Gene alteration and correlation analyses of prognostic genes
Mutations in AURKA, CDCA5, CEP55 and UBE2C retrieved in 1,680 cases from three TCGA datasets of ovarian serous carcinoma (606 cases from TCGA, Firehose Legacy; 585 cases from TCGA, PanCancer Atlas; and 489 cases from TCGA, Nature 2011) were analyzed using the cBioPortal database. Among the 3 OC datasets analyzed, the alterations of the four genes were mainly related to amplification and deep deletion, and ranges from 17.67% of 583 genes to 7.77% of 489 genes were identified for the gene sets submitted for analysis (Figure 12A). The percentages of AURKA, CDCA5, CEP55 and UBE2C gene alterations in OC were 6%, 2.1%,1.3% and 4% (Figure 12B), respectively. Kaplan–Meier Plotter and log-rank test results indicated no significant difference in OS and PFS between the cases with alterations in one of the queried genes and those without alterations in any of the queried genes (P-values of 0.0851 and 0.213, respectively; Figure 12 C&D).
The GeneMANIA database was used for correlation analysis of AURKA, CDCA5, CEP55 and UBE2C at the gene level (Figure 13A). The 4 central nodes were surrounded by 20 nodes representing genes that were closely related to the family in terms of physical interactions, co-expression, predictions, co-localization, and genetic interactions. The results revealed relationships in physical interactions, co-expression and co-localization between AURKA, CDCA5, CEP55 and UBE2C. The same pathway was shared between AURKA and UBE2C. The predicted protein domains was shared among AURKA, CEP55 and UBE2C. However, no relationship in shared protein domains or genetic interactions were noted among the four genes. Further functional analysis revealed that these four genes mainly correlated with regulation of cell division, including mitotic cell cycle, mitotic cytokinesis, mitotic sister chromatid segregation mitosis, nuclear division and cell cycle G2/M phase transition (Table S5).
The Spearman correlations between AURKA, CDCA5, CEP55 and UBE2C in OC were determined by online analyses using the cBioPortal database (TCGA, PanCancer Atlas (Figure 13B).

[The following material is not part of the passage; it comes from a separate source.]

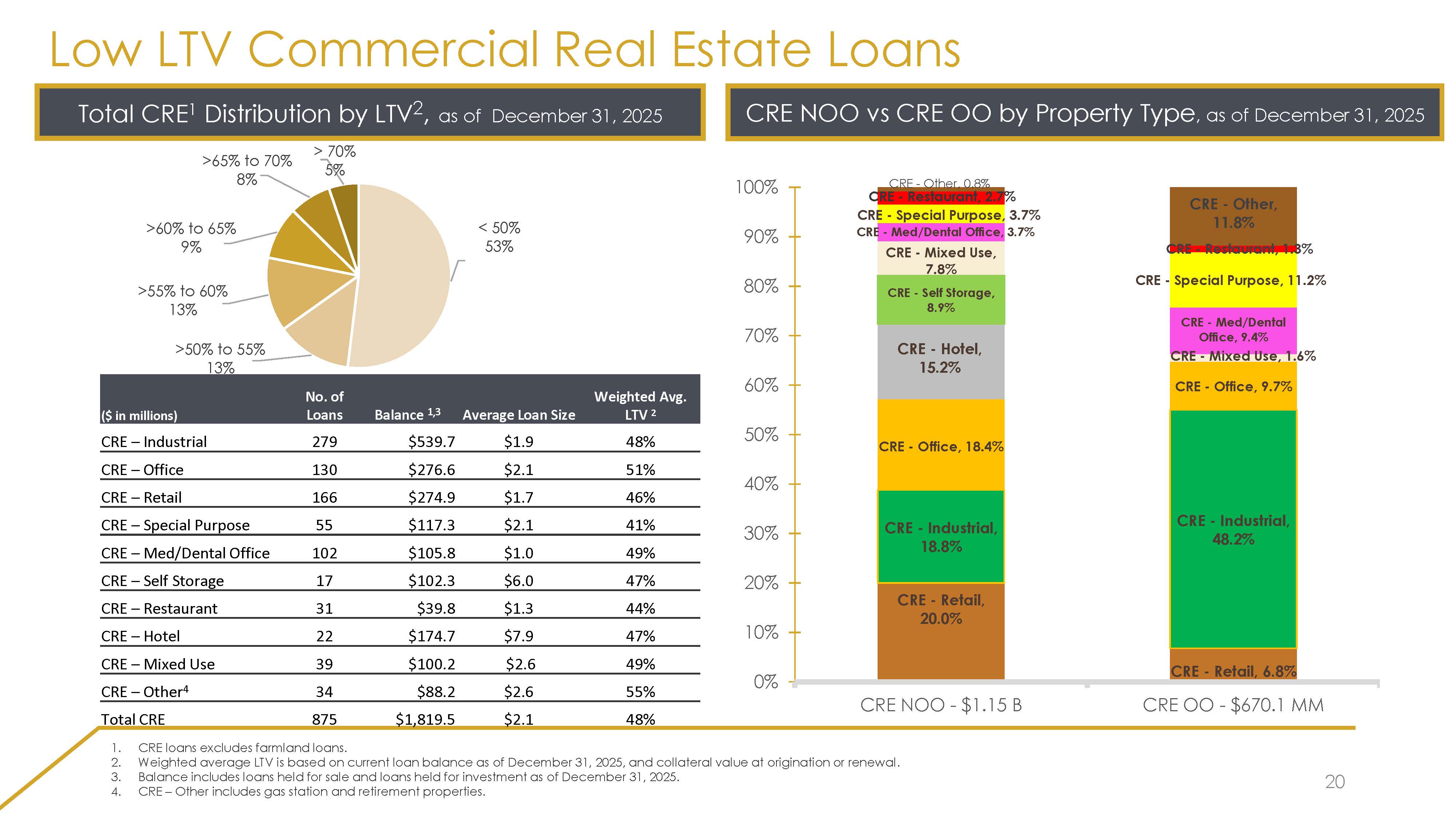 貸倒引当金(ACL)は、2025年12月31日時点で投資目的保有貸出金総額の1.20%であり、2025年9月30日時点の1.46%から減少した。 貸倒引当金(ALL)は、2025年12月31日時点で投資目的保有貸付総額の1.13%であり、2025年9月30日時点の1.38%から減少した。

Spearman’s correlation coefficient exceeding 0.30 indicated a good correlation. The results indicated a significant positive correlation between AURKA and CDCA5 (R2 = 0.674, P = 4.86e-41), CEP55 (R2 = 0.564, P = 1.32e-26), and UBE2C (R2 = 0.78, P = 7.36e-62); CDCA5 and CEP- 55 (R2 = 0.616, P = 1.13e-32) and UBE2C (R2 = 0.658, P = 1.30e-38); and UBE2C and CEP55 (R2 = 0.512, P = 2.08e-21) (Figure S4).
Immune infiltrate analysis ofprognostic genes
Tumor inflammatory cell infiltration levels play an important role in cancer progression and patient survival. We analyzed whether AURKA, CDCA5, CEP55 and UBE2C expression correlated with inflammatory cell infiltration levels in OC. The results showed that the mRNA levels of the four genes correlated weakly with inflammatory cell infiltration (Figure 14). AURKA expression was related to macrophages cells, CD4+T cells and neutrophils, but no significant correlation with tumor purity or infiltrating levels of B cells, CD8+T cells and dendritic cells was noted. In addition to the negative correlation with CD8+T cells, CDCA5 expression was not significantly correlated with other immune inflammatory cells and tumor purity. CEP55 was negatively related to CD8+T cells and positively related to CD4+T cells. UBE2C was only associated with tumor purity and CD4+T cells. The results suggest that these four genes did not correlate closely with tumor immune inflammatory cell and tumor purity associated with the occurrence and development of OC. The detailed mechanisms require further study.